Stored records
═══

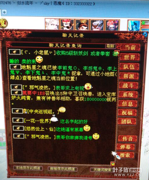 我是逝水流年服务器sky恶魔,没事喜欢刮刮乐、挖宝,虽说刮刮乐没有技巧没有规律可言,不过今天上号看到系统大吃一惊。 应该说不止是我,在线的玩家都激动了一把,这是不是说明了名字的重要性?不信看图。 <<<点击进入大话西游2论坛讨论>>> [编辑:一笑奈何]
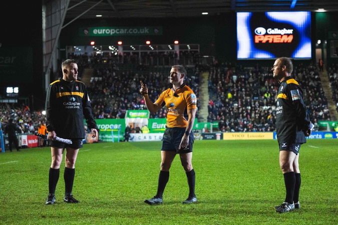 Karl Dickinson and his refereeing team look at possible foul play on the big screen during the Gallagher Premiership match Leicester Tigers vs Gloucester Rugby at Mattioli Woods Welford Road Stadium, Leicester, United Kingdom, 19th December 2025, Credit:Craig Evans/News Images / Avalon
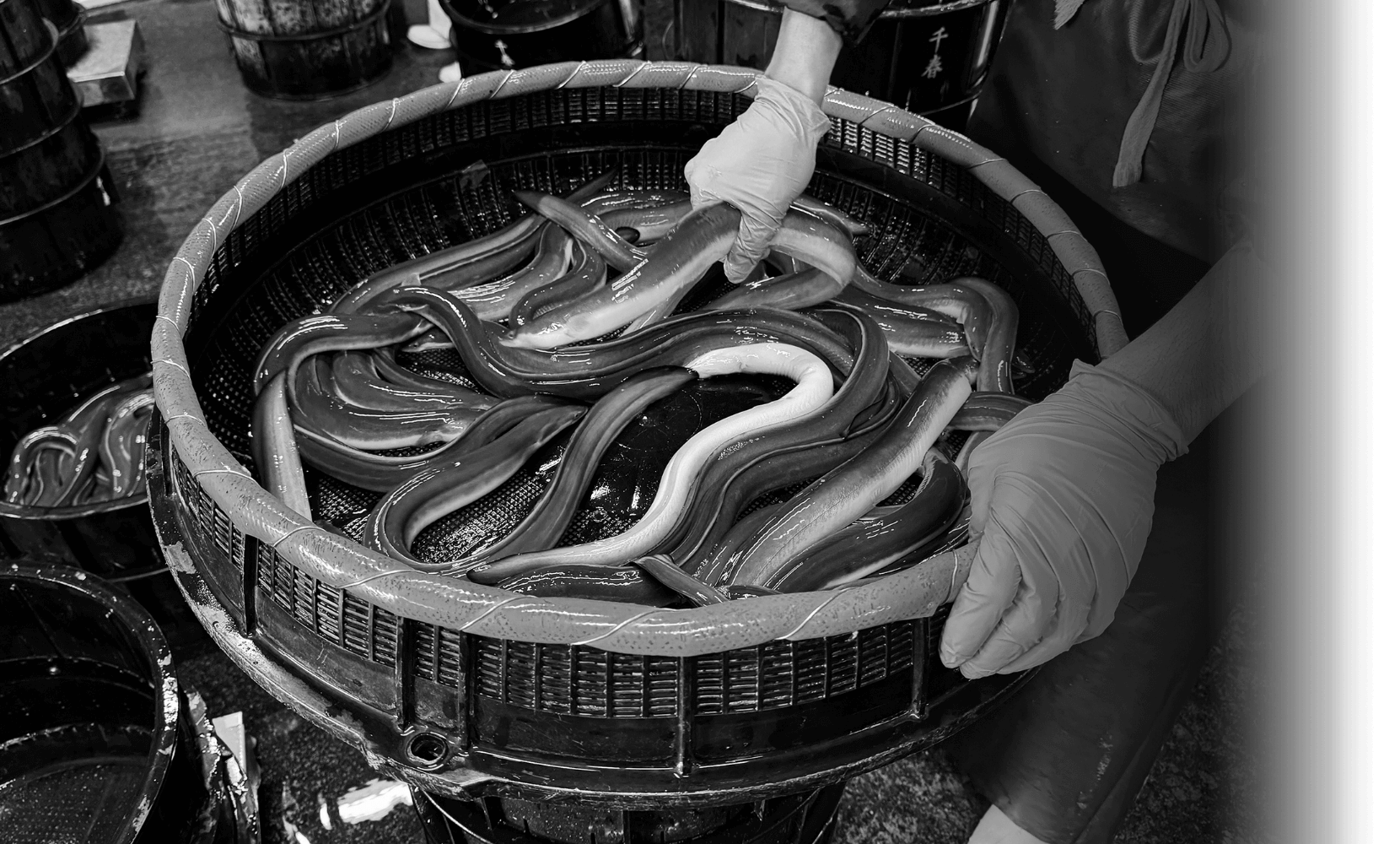 最高品質な青うなぎを安定提供するために厳格な品質基準を設け、旬の時期を見極めて国内外(日本・台湾・中国)の提携養殖場からも新鮮な活鰻(生きたうなぎ)を仕入れています。
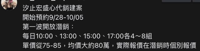 汐止宏盛心代銷建案 開始預約9/28-10/05 第一波開放潛銷: 每日10:00、13:00、15:00、17:00各4~8組 單價從75-85,均價大約80萬,實際報價在潛銷時個別報價 --- 最近央行限貸 這案子養地養超久 不過我看這案子都是小坪數的樣子 規劃坪數:20~39坪 規劃戶數:314戶住家 應該對首購友善 ※ 引述《bms ( )》之銘言: : 這個你就沒研究了 : 汐止就是很久沒新建案 : 附近1x年屋上6x 2x年屋上5x : 買壓早就持續很久了 : 又是知名建商宏盛 : 又是未來雙捷運轉乘站 汐止區公所 : 在火車站旁邊 可以吃台鐵 : 他最少最少都要七開頭 : 現在75-85 我覺得差不多 : 你看看南港都130了 汐止80還好吧 : ----- : Sent from MeowPtt on my iPhone : -- ※ 發信站: 批踢踢實業坊(ptt.org.tw), 來自: 185.213.82.96 (臺灣) ※ 文章網址: https://ptt.org.tw/home-sale/M.1727161241.A.346
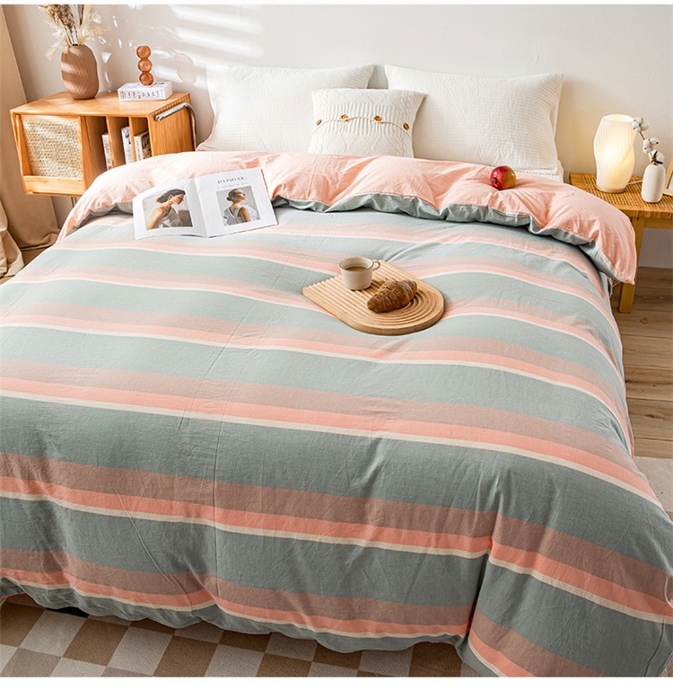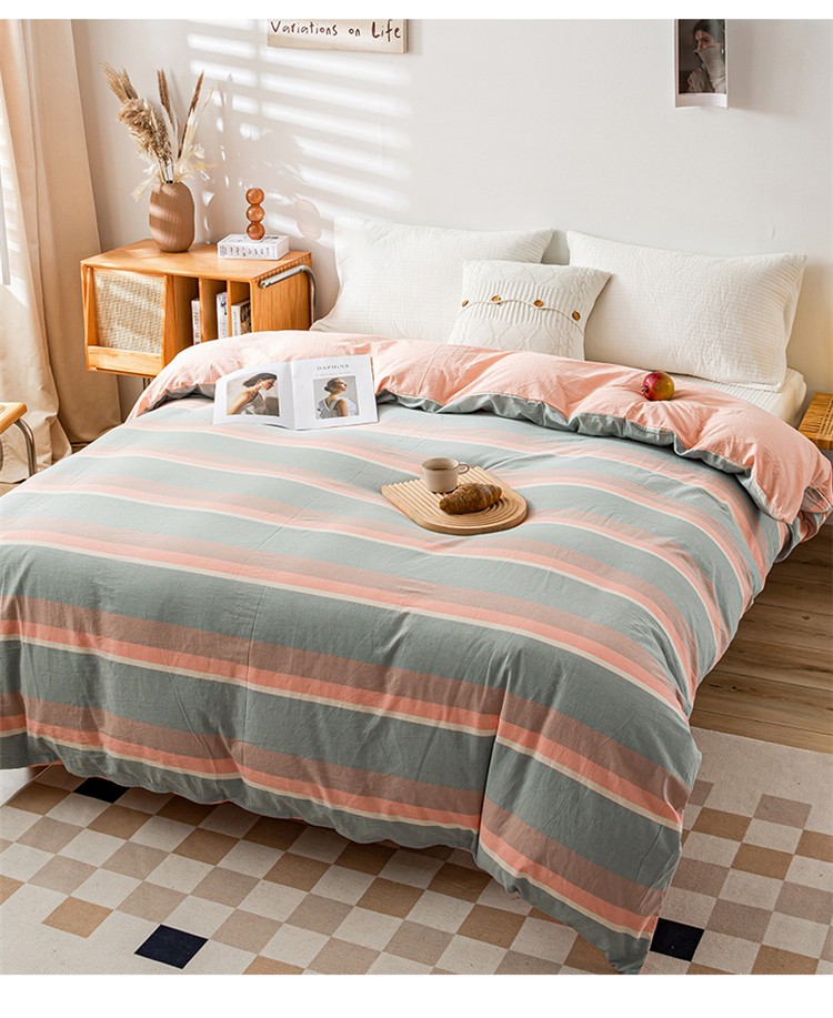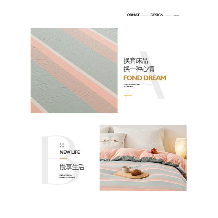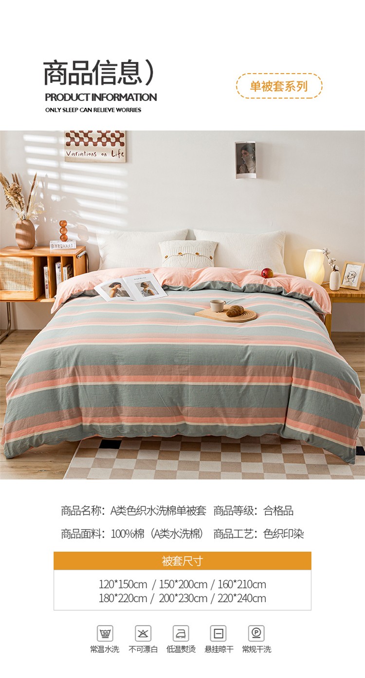 商品名称:九沐良品 新款A类色织水洗棉四件套单被套 嫩绿卡其条

═══

• **TASK INSTRUCTIONS**
Give again, unchanged, only the lines from the line containing "汐止宏盛心代銷建案 開始預約9/28-10/05 第一波開放潛銷: 每日10:00、13:00、15:00、17:00各4~8組" to the last line of the records above. Pictures do not belong in the copy.

• **ANSWER BOX**
 汐止宏盛心代銷建案 開始預約9/28-10/05 第一波開放潛銷: 每日10:00、13:00、15:00、17:00各4~8組 單價從75-85,均價大約80萬,實際報價在潛銷時個別報價 --- 最近央行限貸 這案子養地養超久 不過我看這案子都是小坪數的樣子 規劃坪數:20~39坪 規劃戶數:314戶住家 應該對首購友善 ※ 引述《bms ( )》之銘言: : 這個你就沒研究了 : 汐止就是很久沒新建案 : 附近1x年屋上6x 2x年屋上5x : 買壓早就持續很久了 : 又是知名建商宏盛 : 又是未來雙捷運轉乘站 汐止區公所 : 在火車站旁邊 可以吃台鐵 : 他最少最少都要七開頭 : 現在75-85 我覺得差不多 : 你看看南港都130了 汐止80還好吧 : ----- : Sent from MeowPtt on my iPhone : -- ※ 發信站: 批踢踢實業坊(ptt.org.tw), 來自: 185.213.82.96 (臺灣) ※ 文章網址: https://ptt.org.tw/home-sale/M.1727161241.A.346
 商品名称:九沐良品 新款A类色织水洗棉四件套单被套 嫩绿卡其条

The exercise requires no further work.